Simplify $ \sqrt{14357} $ as $ \sqrt{293 \cdot 49} = 7\sqrt{293} $, so:

$$ d = \frac{7\sqrt{293}}{49} = \frac{\sqrt{293}}{7}. $$

Answer 2

We need to find the distance of the point (1, 2, -4) from the line \(\frac{x-3}{2} = \frac{y-3}{3} = \frac{z+5}{6}\).

The direction vector of the line is \(\vec{b} = (2, 3, 6)\). A point on the line is \(P = (3, 3, -5)\).

Let the given point be \(A = (1, 2, -4)\).

\(d = \frac{|\overrightarrow{AP} \times \vec{b}|}{|\vec{b}|}\)

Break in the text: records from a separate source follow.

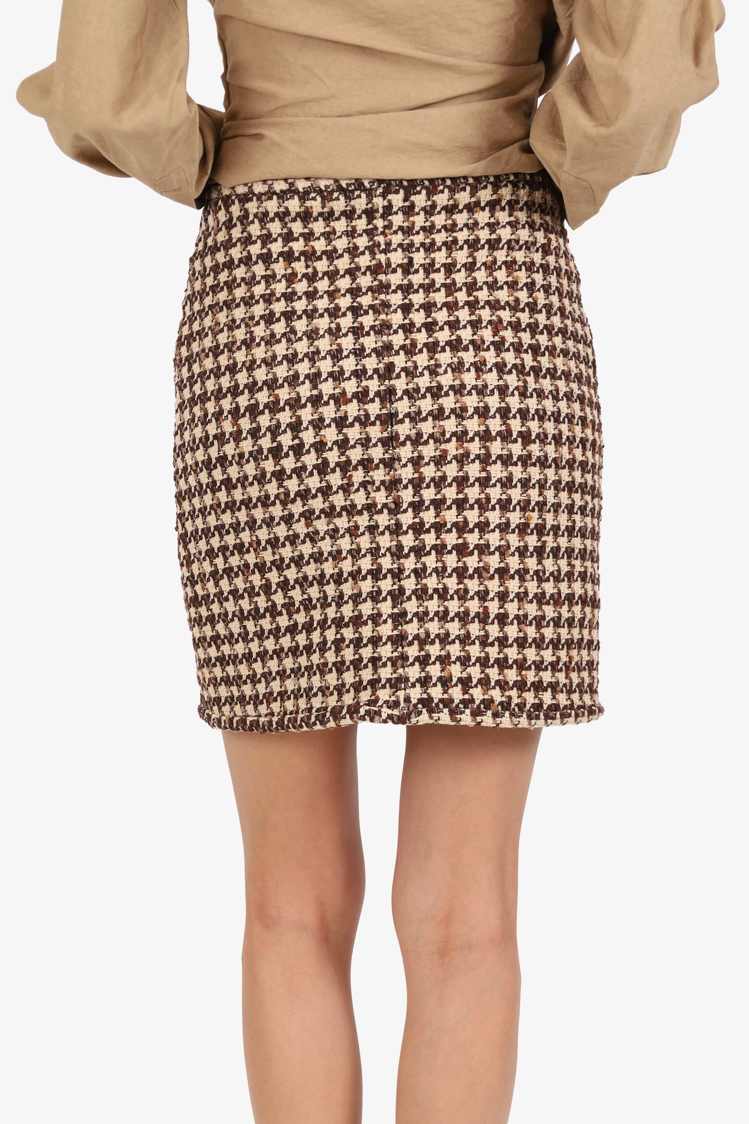 Refresh availabilitySandro Brown Tweed Zip-up Midi Skirt. Slip-on. Side zip closure. Lined interior. Tonal stitching.
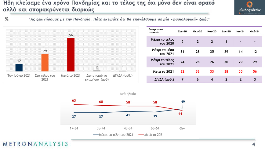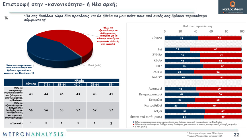 Μείωση στην αποδοχή των περιοριστικών μέτρων κατά του κορονοϊού και απαγοήτευση για το τέλος της πανδημίας στην πλειοψηφία των πολιτών, αλλά και μοιρασμένες απόψεις για το αν η κυβερνητική πολιτική σέβεται τους δημοκρατικούς κανόνες, δείχνει, μεταξύ άλλων μεγάλη πανελλαδική έρευνα που πραγματοποίησε η Metron Analysis.
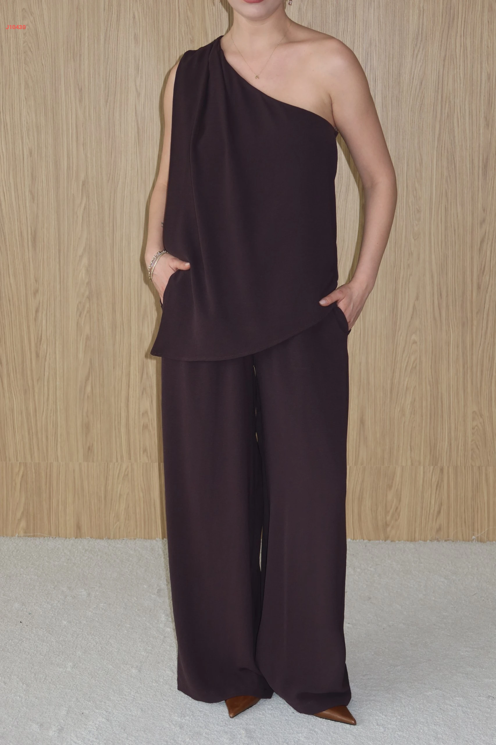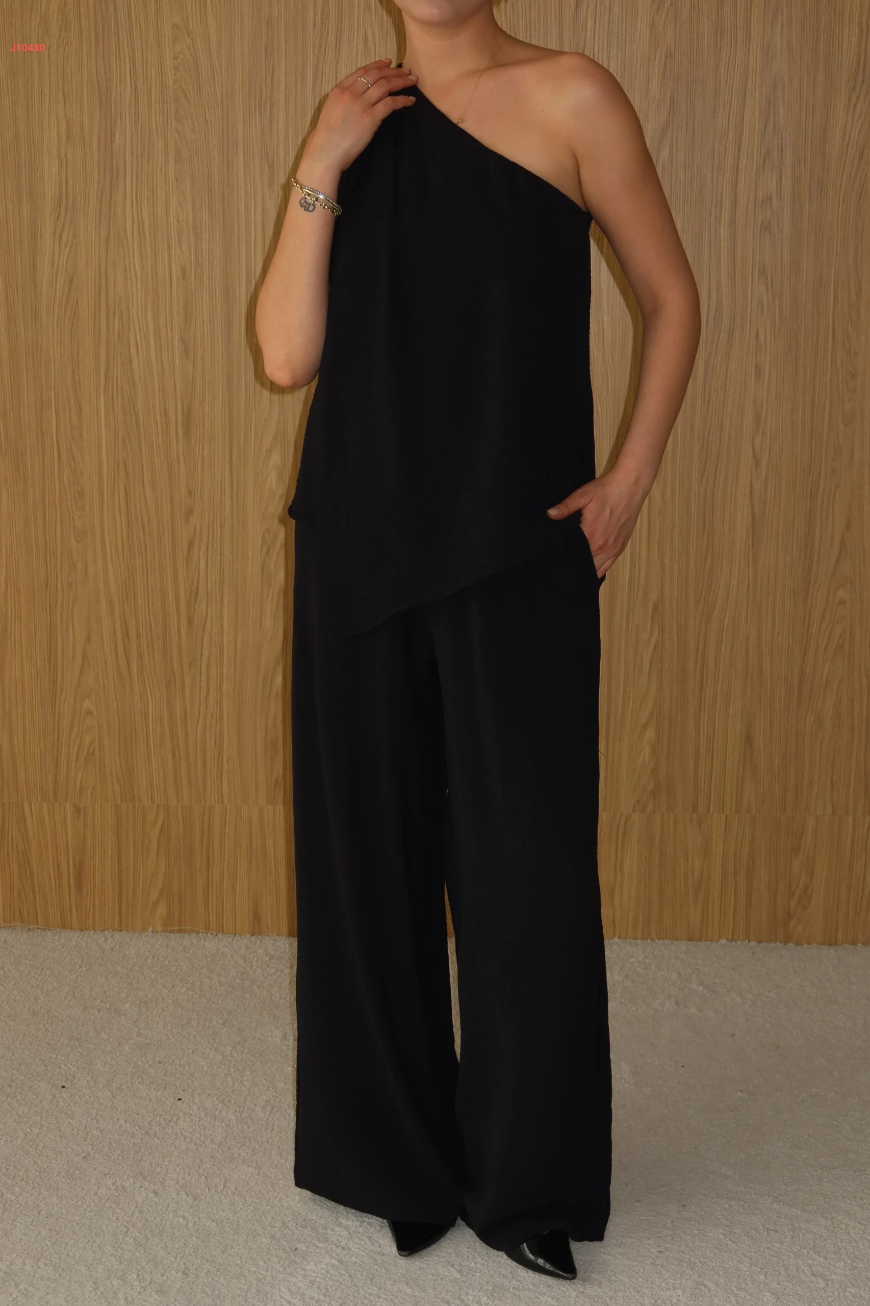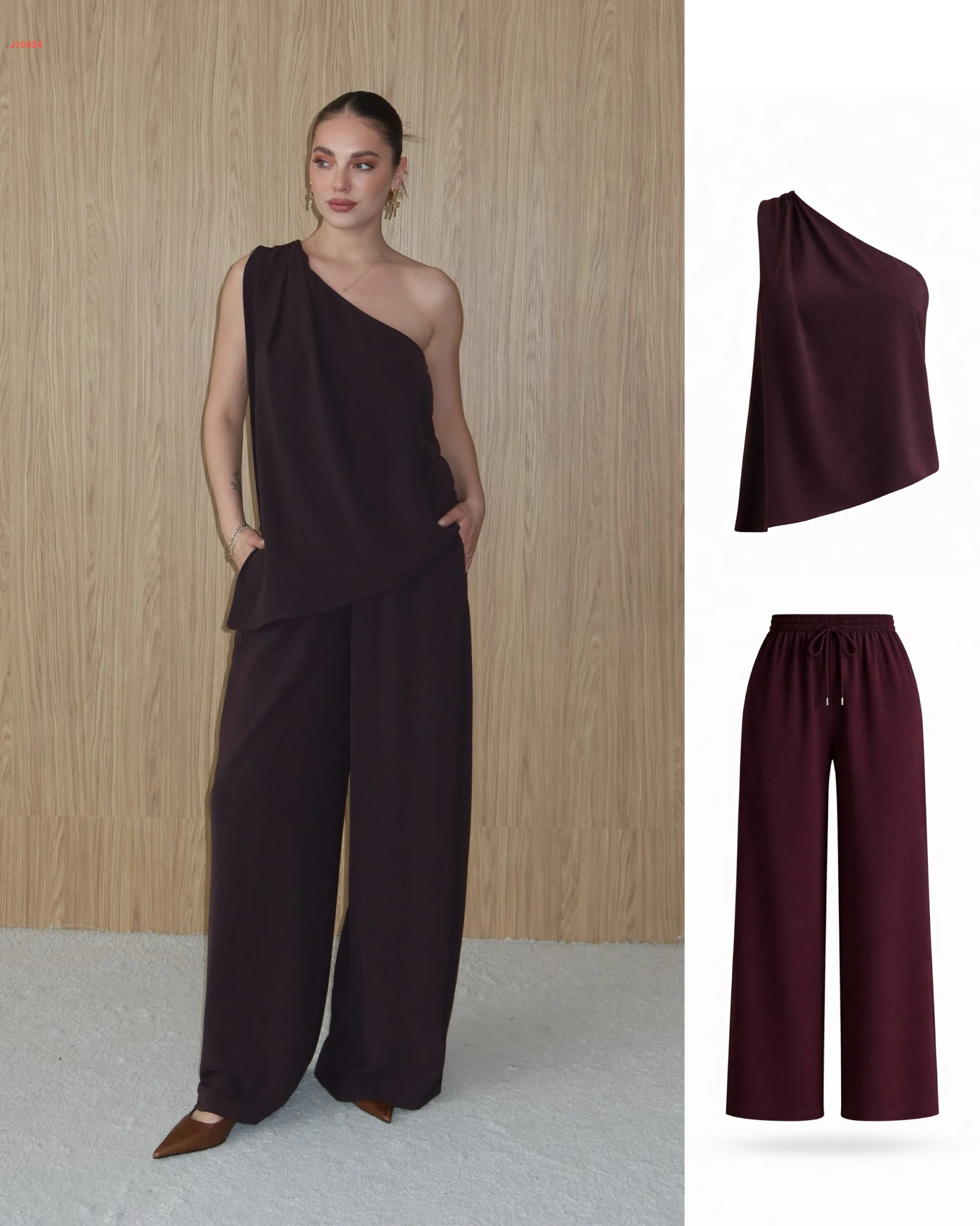 طقم بنطال وبلوزة حفر بكتف مكشوف

First, find the vector \(\overrightarrow{AP} = (3-1, 3-2, -5-(-4)) = (2, 1, -1)\).

Now, find the cross product \(\overrightarrow{AP} \times \vec{b}\):

\(\overrightarrow{AP} \times \vec{b} = \begin{vmatrix} \hat{i} & \hat{j} & \hat{k} \\ 2 & 1 & -1 \\ 2 & 3 & 6 \end{vmatrix} = \hat{i}(1 \cdot 6 - (-1)(3)) - \hat{j}(2 \cdot 6 - (-1)(2)) + \hat{k}(2 \cdot 3 - 1 \cdot 2)\)

\(\overrightarrow{AP} \times \vec{b} = \hat{i}(6+3) - \hat{j}(12+2) + \hat{k}(6-2) = 9\hat{i} - 14\hat{j} + 4\hat{k} = (9, -14, 4)\)

Now, find the magnitude of \(\overrightarrow{AP} \times \vec{b}\):

\(|\overrightarrow{AP} \times \vec{b}| = \sqrt{9^2 + (-14)^2 + 4^2} = \sqrt{81 + 196 + 16} = \sqrt{293}\)

Find the magnitude of \(\vec{b}\):

\(|\vec{b}| = \sqrt{2^2 + 3^2 + 6^2} = \sqrt{4 + 9 + 36} = \sqrt{49} = 7\)

Now, find the distance:

\(d = \frac{|\overrightarrow{AP} \times \vec{b}|}{|\vec{b}|} = \frac{\sqrt{293}}{7}\)

Therefore, the distance of the point from the line is \(\frac{\sqrt{293}}{7}\).

Thus, the correct option is (B) \(\frac{\sqrt{293}}{7}\).